Libraries for Web Scraping with Python

Python's web scraping capabilities are greatly enhanced by the use of specialized libraries. Whether you're new to scraping or an experienced developer, mastering these libraries is key to effective web scraping. Here's a closer look at three essential libraries: requests, Selenium, and BeautifulSoup.


The requests library is a cornerstone of many web scraping projects. It's a powerful HTTP library used to make requests to websites. Its simplicity and user-friendliness make it ideal for extracting HTML content from web pages. With just a few lines of code, you can send GET or POST requests and process the response data.


Selenium is a crucial tool for web scraping in Python, offering a versatile framework for automating browser interactions. It ensures cross-browser compatibility and is particularly useful for tasks like automated testing and exploring web pages. Selenium can be used to add functionality to web applications, extract data from websites, or automate repetitive tasks.

Beautiful Soup

Beautiful Soup is another essential library for web scraping in Python. It allows you to extract and parse data from HTML or XML documents. By using features such as tag searching, navigating document structures, and content filtering based on common patterns, you can efficiently extract information from web pages. Beautiful Soup can also be used in conjunction with other Python libraries, such as requests, which adds to its flexibility.

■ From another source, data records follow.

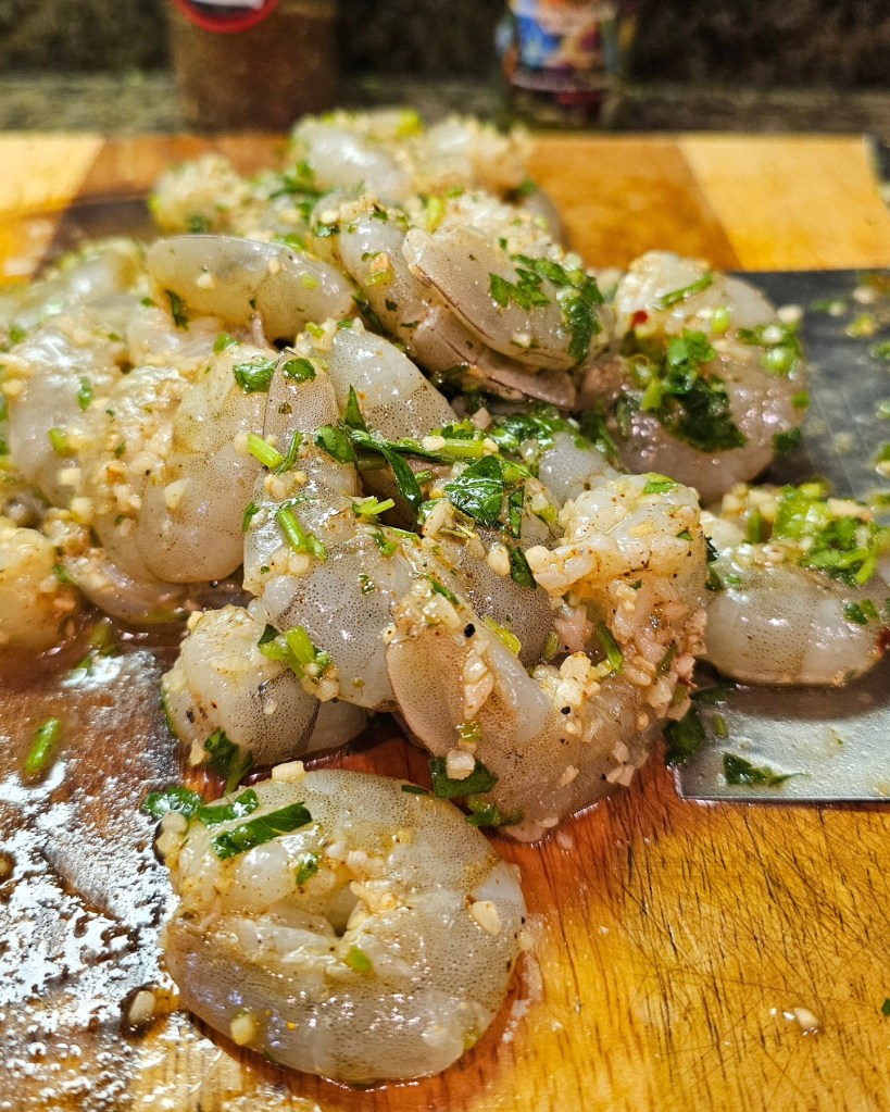 For the shrimp, I seasoned them with garlic, lemon, and some Chimichurri, then tossed them into a skillet and added some garlic butter.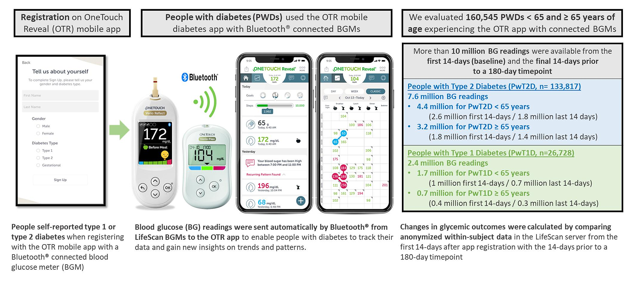 RWE, real-world evidence; OTR, OneTouch Reveal; OTVR, OneTouch Verio Reflect; OTVF, OneTouch Verio Flex; BGM, blood glucose meter; PWDs, people with diabetes; PwT2D; people with type 2 diabetes; PwT1D; people with type 1 diabetes; RIR, readings in range; RITR, readings in tight range; CGM, continuous glucose monitoring
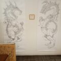 展覧会2025年8月2日のライブドローイングのまとめ。計三枚描きました。

Top Web Scraping tools for sourcing

When it comes to professional parsing, especially for sourcing purposes, you'll need additional web scraping services. The tools listed below are top-notch and will greatly simplify and optimize the information collection process, speeding up candidate searches or other data analysis tasks.

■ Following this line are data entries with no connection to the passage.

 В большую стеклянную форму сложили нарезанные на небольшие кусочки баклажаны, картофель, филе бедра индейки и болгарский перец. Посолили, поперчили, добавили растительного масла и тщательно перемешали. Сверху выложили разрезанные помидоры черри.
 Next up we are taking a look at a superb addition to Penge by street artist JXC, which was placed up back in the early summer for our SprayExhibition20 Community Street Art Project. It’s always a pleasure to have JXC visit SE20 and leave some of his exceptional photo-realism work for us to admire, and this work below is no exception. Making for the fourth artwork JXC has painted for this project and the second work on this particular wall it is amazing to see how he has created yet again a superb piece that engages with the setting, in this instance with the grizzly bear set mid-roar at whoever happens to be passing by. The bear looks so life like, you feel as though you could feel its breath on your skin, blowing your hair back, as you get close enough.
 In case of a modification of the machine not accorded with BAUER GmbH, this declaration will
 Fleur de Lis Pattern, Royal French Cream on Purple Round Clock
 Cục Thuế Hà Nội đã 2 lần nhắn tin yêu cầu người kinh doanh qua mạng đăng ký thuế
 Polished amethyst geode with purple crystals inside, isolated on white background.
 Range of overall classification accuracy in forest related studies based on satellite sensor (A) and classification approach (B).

AutoPagerize is a browser extension that enhances your scraping capabilities by automating the often tedious process of navigating website content. What sets AutoPagerize apart is its ability to intelligently identify and process various data patterns across numerous web pages. This eliminates the need to customize scripts for each unique site structure, making it a versatile solution adaptable to different formats used by various sites.

Instant Data Scraper

Instant Data Scraper is another user-friendly tool designed for easy web scraping. With its intuitive interface, you can navigate the data collection process without complex coding or technical knowledge. The tool's versatility is notable, as it supports different websites and platforms, allowing you to extract information from various sources, from social networks to news sites. Instant Data Scraper also enables the extraction of various data types, including text, images, and links.

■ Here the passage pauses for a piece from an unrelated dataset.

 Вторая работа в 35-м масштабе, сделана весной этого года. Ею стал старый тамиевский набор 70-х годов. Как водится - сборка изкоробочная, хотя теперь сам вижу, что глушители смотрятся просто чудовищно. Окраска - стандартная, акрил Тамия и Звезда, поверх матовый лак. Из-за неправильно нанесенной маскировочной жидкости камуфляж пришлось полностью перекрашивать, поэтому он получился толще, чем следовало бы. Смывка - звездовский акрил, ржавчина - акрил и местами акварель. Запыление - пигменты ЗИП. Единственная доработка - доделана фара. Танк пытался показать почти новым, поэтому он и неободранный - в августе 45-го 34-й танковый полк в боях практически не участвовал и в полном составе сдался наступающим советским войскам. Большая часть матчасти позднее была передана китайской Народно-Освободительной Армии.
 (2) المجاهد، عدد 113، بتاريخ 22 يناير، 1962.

PhantomBuster offers a wide range of settings, allowing you to tailor it to your needs. From selecting data sources to defining output structures, you have complete control over the information collection process. PhantomBuster seamlessly integrates with various APIs, providing additional capabilities for data processing. This allows for smooth interoperability with other platforms, making it an excellent tool for web API scraping.

In conclusion, web scraping and web crawling are essential tools for implementing automation in information collection. These technologies enhance business projects, scientific research, or any other area requiring the processing and analysis of large amounts of data.